(Dataset extract)
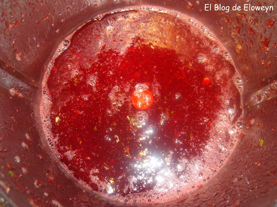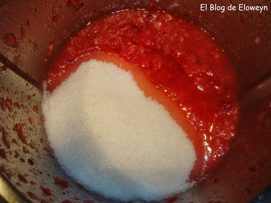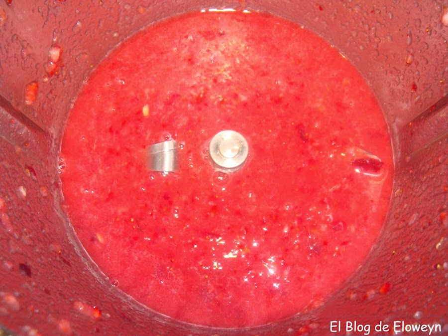 Y vosotros diréis... Sí, pero no sé cómo deshuesar las cerezas... Se puede hacer con la thermomix, poniendo las cerezas en el vaso y programando unos segundos a velocidad 3. Después se tienen que ir sacando los huesos y es un poco rollo.
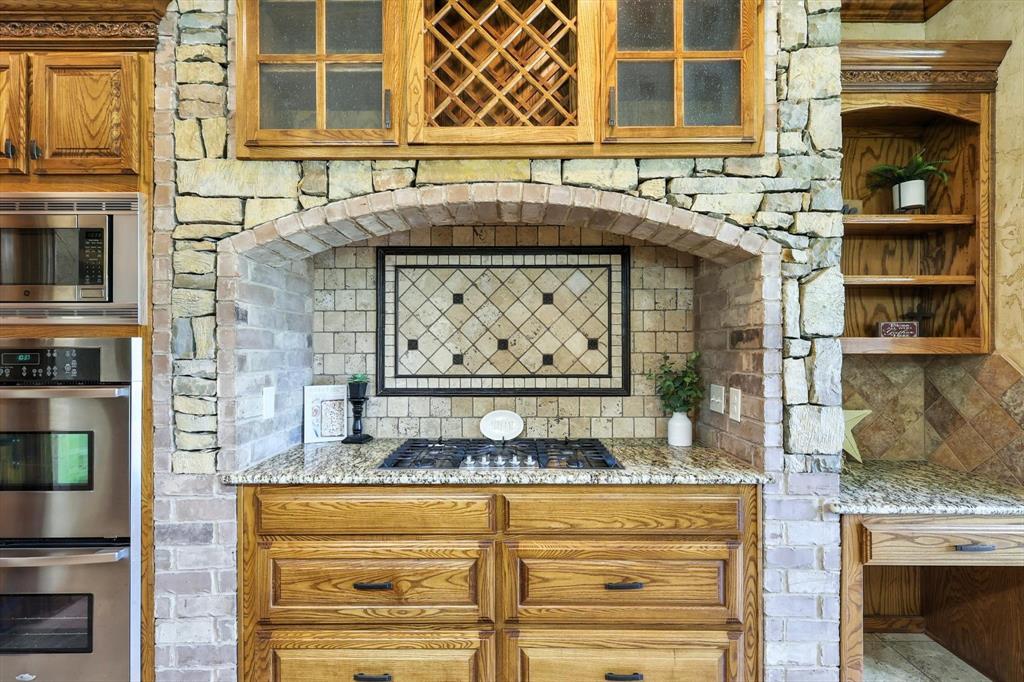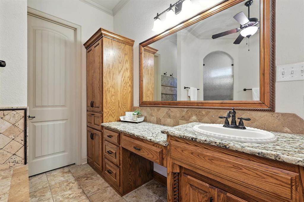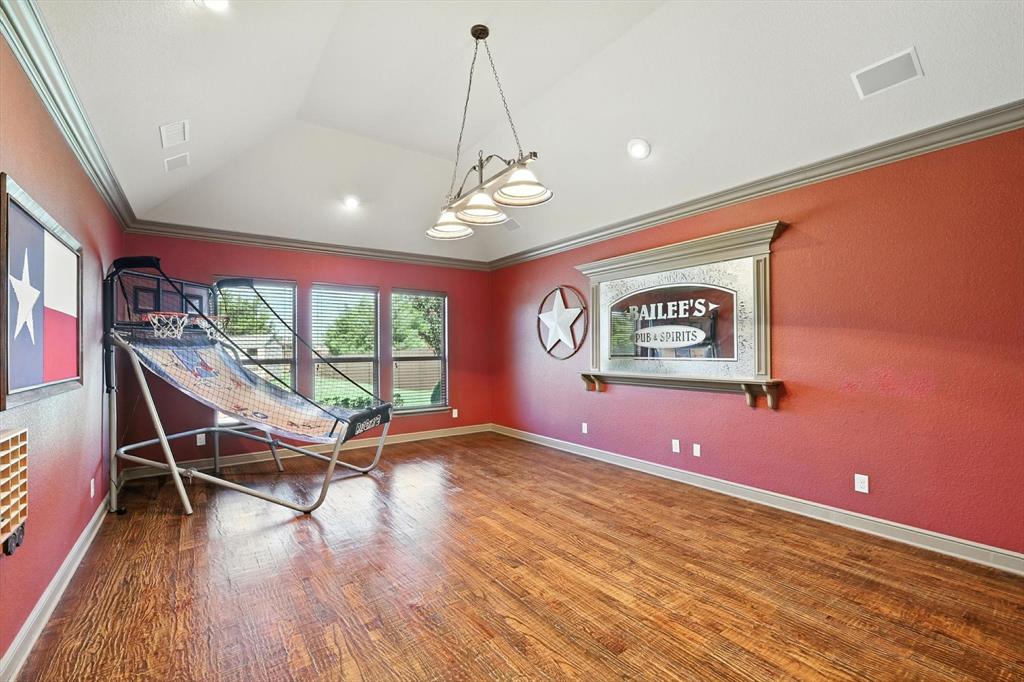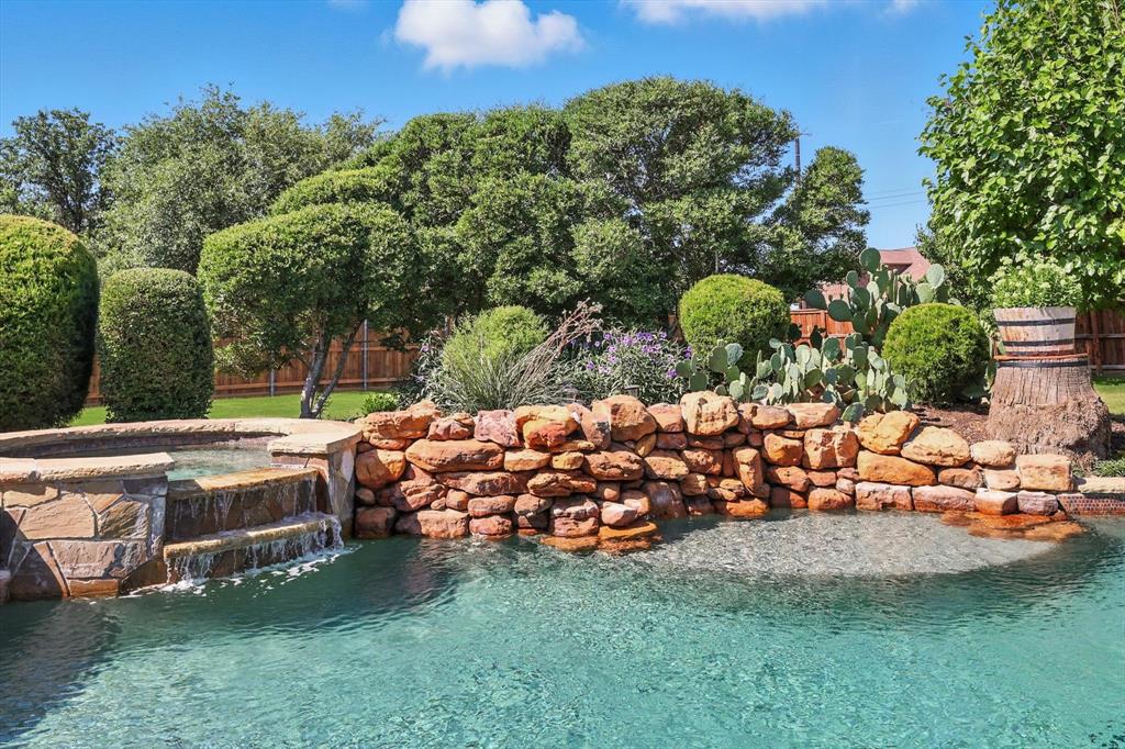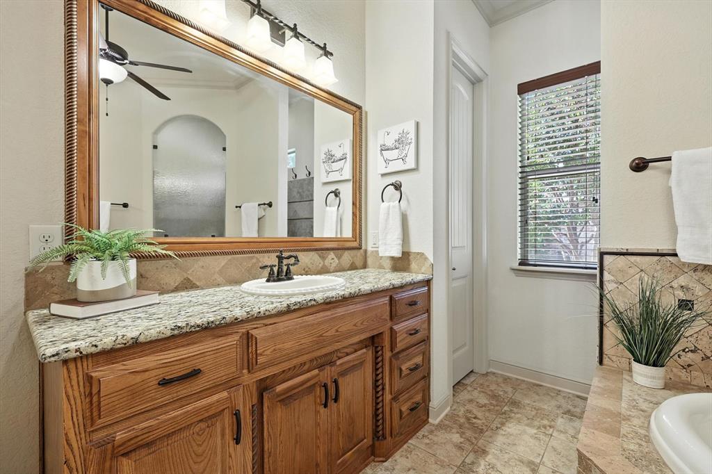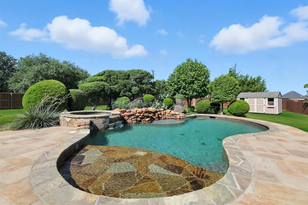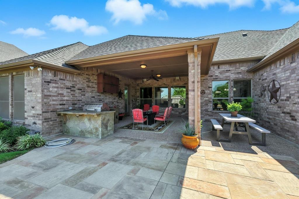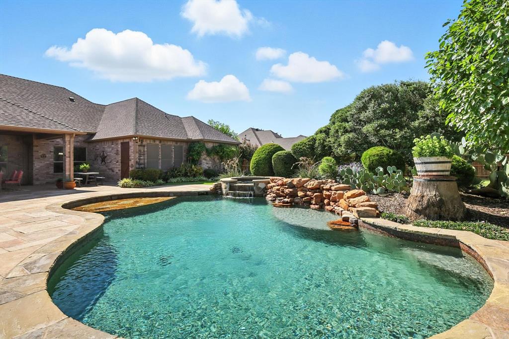 Beautiful custom built Bailee model home. Upgrades galore on a spacious half acre lot in sought after Spring Ranch. New Roof with Class 4 impact resistant shingles in 2025. Sparkling salt water pool and spa with rock formation and water features. Open concept floor plan with built-ins in the office and living room. Vaulted ceilings, extra large game room, granite countertops throughout the house. The kitchen is both functional and full of charm, offering a breakfast nook, and a gas cooktop framed with custom brick along with a large walk-in pantry. The private master suite comes with an extra large walk-in closet and the beautiful master bath has abundant storage and a large walk-in dual shower. There are four bedrooms total with three full baths. The backyard is a beautiful oasis setting with a large covered outdoor living area with refrigerator and built-in grill overlooking the pool. The oversized 3 car garage comes with storage closet.
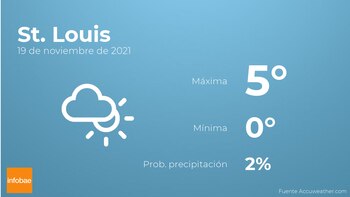 Hoy en St. Louis se esperan más nubes que claros. En cuanto a las temperaturas, variarán entre una máxima de 5 y una mínima de 0 grados. Junto a todo esto, se esperan vientos del oeste sin apenas intensidad con valores de hasta 18 km/h.
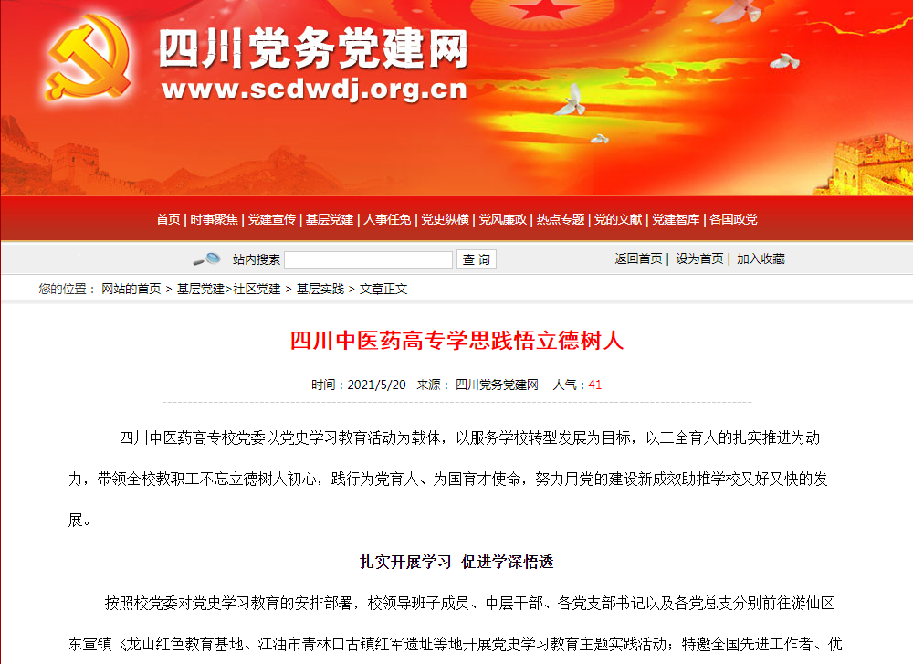 四川党务党建网:四川中医药高专学思践悟立德树人
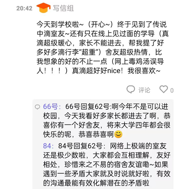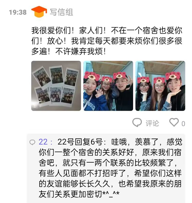 大家将信件作为感情寄托的手段,交流感情心得。同学们通过写信和回信两种方式,书写心中所想,在书信交流中感受文字的力量,收拾自己精神废墟中的少量瓦砖。
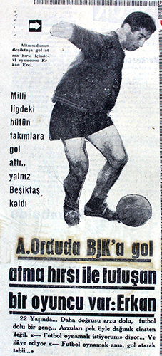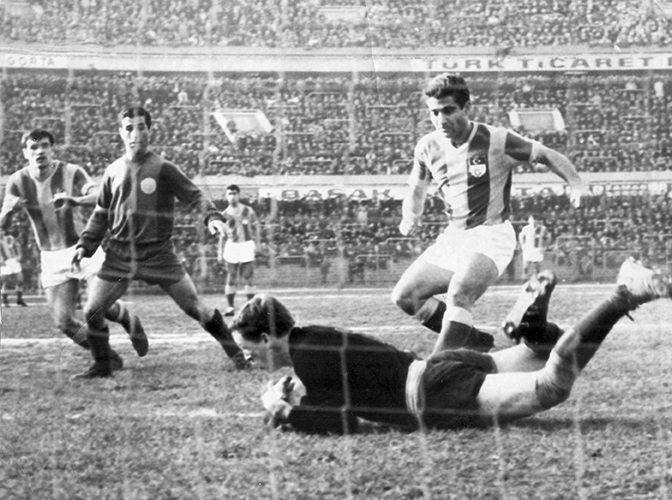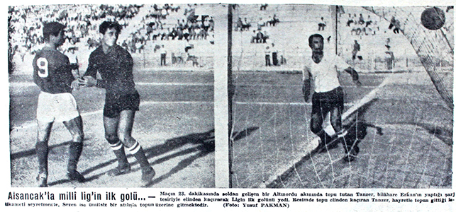 1964-65 sezonunun İzmir’de oynanan ilk maçında, Altınordu adına Erkan Velioğlu’nun İzmirspor’a attığı gol. (Yeni Asır)

(What is required)
Give again, word for word, the line containing "Hoy en St. Louis" and every line after it to the end of the records; leave out the pictures.

(Solution to the problem)
 Hoy en St. Louis se esperan más nubes que claros. En cuanto a las temperaturas, variarán entre una máxima de 5 y una mínima de 0 grados. Junto a todo esto, se esperan vientos del oeste sin apenas intensidad con valores de hasta 18 km/h.
 四川党务党建网:四川中医药高专学思践悟立德树人
 大家将信件作为感情寄托的手段,交流感情心得。同学们通过写信和回信两种方式,书写心中所想,在书信交流中感受文字的力量,收拾自己精神废墟中的少量瓦砖。
 1964-65 sezonunun İzmir’de oynanan ilk maçında, Altınordu adına Erkan Velioğlu’nun İzmirspor’a attığı gol. (Yeni Asır)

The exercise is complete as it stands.